The psychical researchers Eric Dingwall and Harry Toll re-published an anonymous work written by a quondam medium entitled Revelations of a Spirit Medium (1922) which exposed the tricks of mediumship and the fraudulent methods of producing "spirit hands".[41] Originally all the copies of the book were bought upwards by spiritualists and deliberately destroyed.[42] On the subject field of ectoplasm and fraud John Ryan Haule wrote:

Because ectoplasm was believed susceptible to destruction by calorie-free, the possibility that ectoplasm might appear became a reason for making sure that Victorian séances took place in near darkness. Poor lighting weather besides became an opportunity for fraud, particularly as faux ectoplasm was easy to make with a mixture of soap, gelatin and egg white, or perhaps merely well-placed muslin.[43]

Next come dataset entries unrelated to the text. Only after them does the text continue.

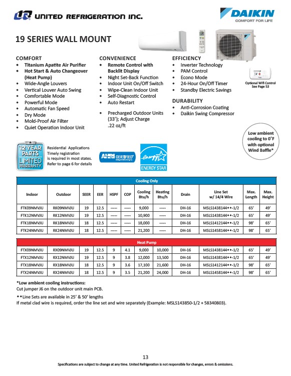 FTX24NMVJU RX24NMVJU 18 12.5 9 3.5 21,200 24,000 DH-16 MSLS1458144-1/2 98’ 65’
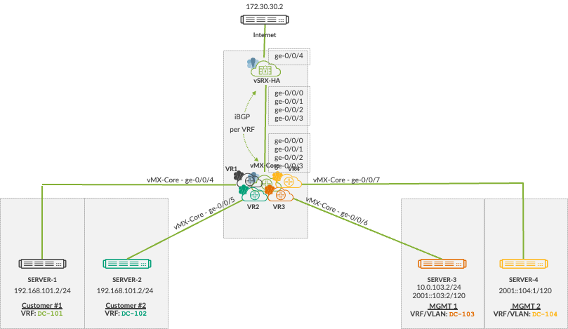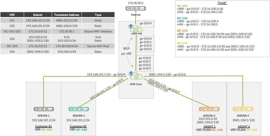 set security nat static rule-set NAT64 rule rule-1 then static-nat prefix routing-instance DC-101From this ‘reverse’ NAT64 rule, we map anything that is originated in DC-101 VR (zone trust-101) from the IP subnet 192.168.101.0/24, NAT it to IP subnet fd00::101:0/120, and put the NAT’d traffic into zone trust-103 (DC-103 VR).
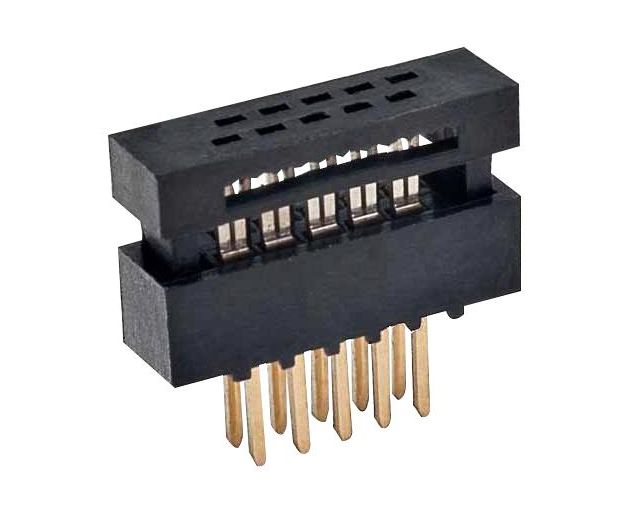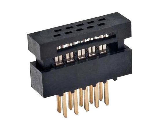 The M50-3800542 is a 10-contact 2-row 1.27mm male Wire-to-board IDC Connector with gold plated phosphor bronze contacts, 100% tin over nickel plated termination and black UL94V-0 PBT housing. The M50 series plug has angled connector orientation and cable connector connection type. It is suitable for use with 0.4mm square mating pin size, 0.635mm pitch ribbon cable, 30AWG ribbon cable.
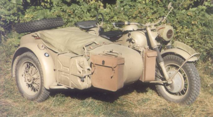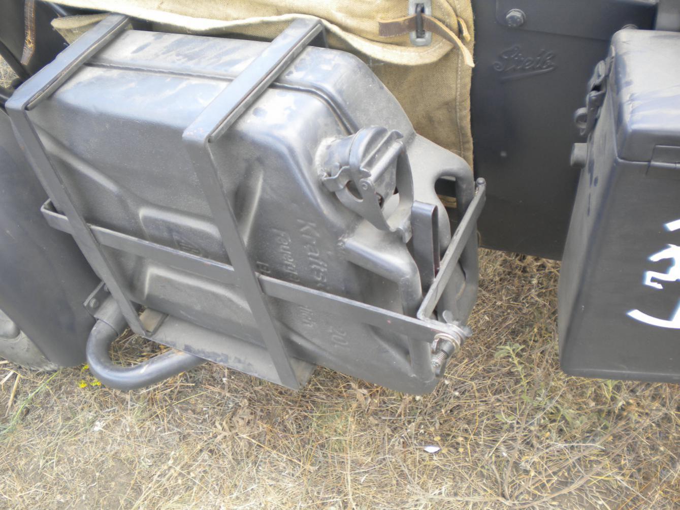 Из десятка фронтовых фоток М-72,(что есть у меня) на одной, вроде есть крепление лопаты(хоть на остальных фотках ракурс не тот) канистр естествено нету, зато часто есть сумка и яшик на коляске с переди.
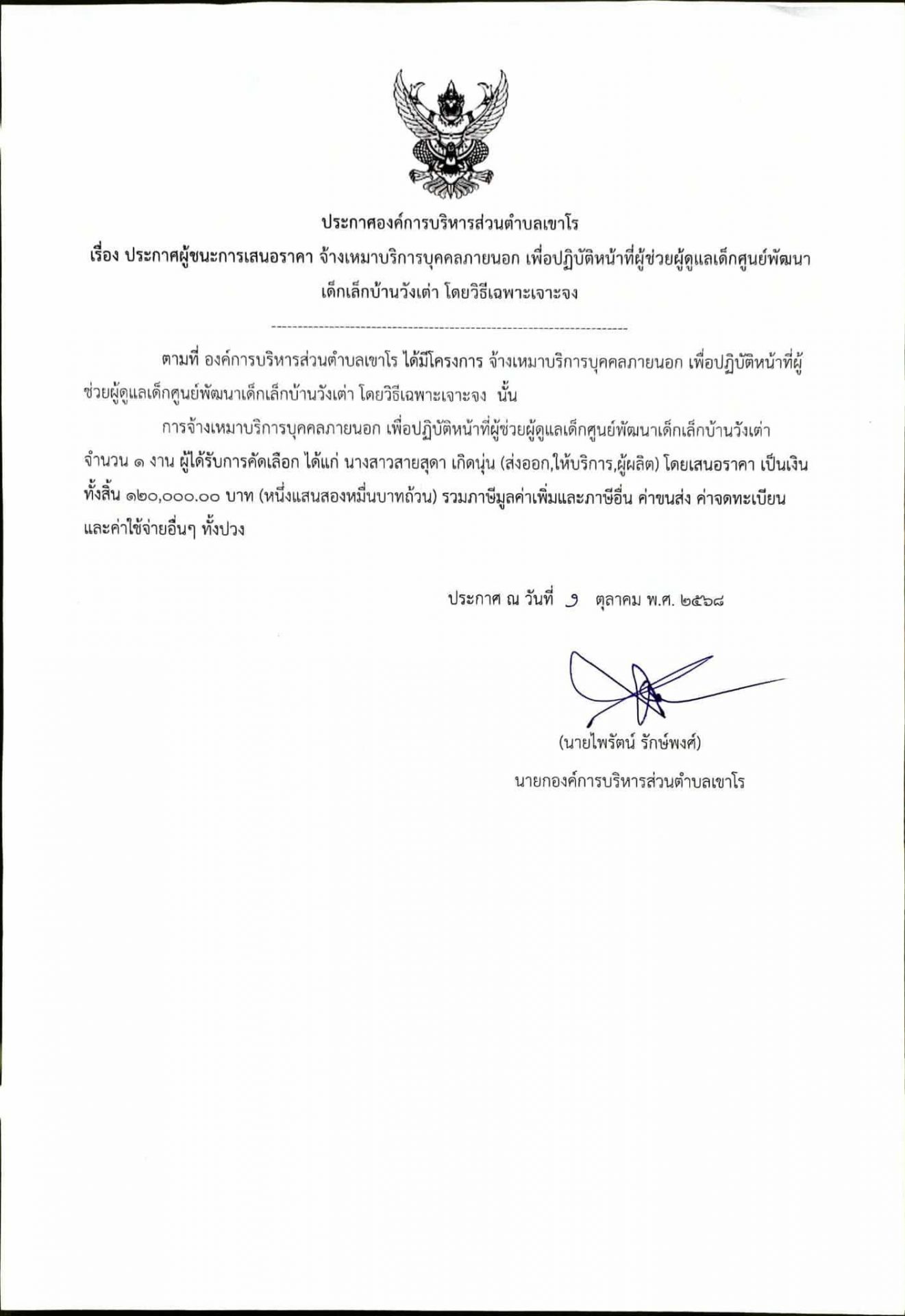ประกาศองค์การบริหารส่วนตำบลเขาโร เรื่องประกาศผู้ชนะการเสนอราคา จ้างเหมาบริการบุุคคลภายนอก เพื่อปฏิบัติหน้าที่ผู้ช่วยผู้ดูเเลเด็กศูนย์พัฒนาเด็กเล็กบ้านวังเต่า โดยวิธีเฉพาะเจะาจง
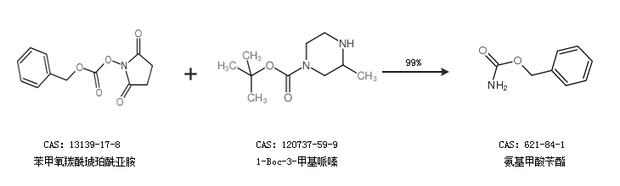 1.通過苯甲氧羰酰琥珀酰亞胺和1-Boc-3-甲基哌嗪合成氨基甲酸芐酯,收率約99%;
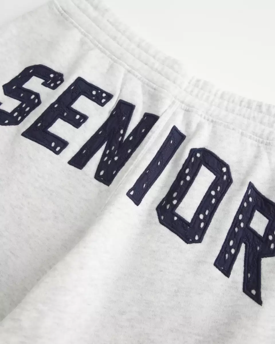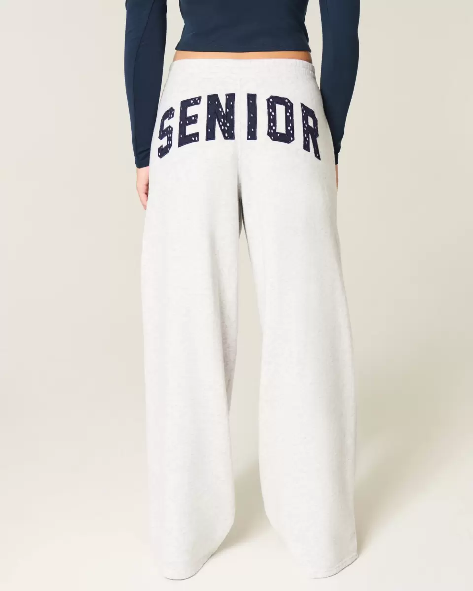 Super soft fleece sweatpants designed with a baggy leg and banded waist. Front pockets, Senior graphic applique with eyelet embroidery at back. Imported.

Psychical researcher Harry Price exposed medium Helen Duncan'due south fraudulent techniques by proving, through assay of a sample of ectoplasm produced by Duncan, that it was cheesecloth that she had swallowed and regurgitated.[44] Duncan had also used dolls' heads and masks as ectoplasm.[45] Mediums would also cut pictures from magazines and stick them to the cheesecloth to pretend they were spirits of the dead.[46] Another researcher, C. D. Wide, wrote that ectoplasm in many cases has proven to be equanimous of domicile material such as butter-muslin and that there is no solid bear witness that it has anything to do with spirits.[47]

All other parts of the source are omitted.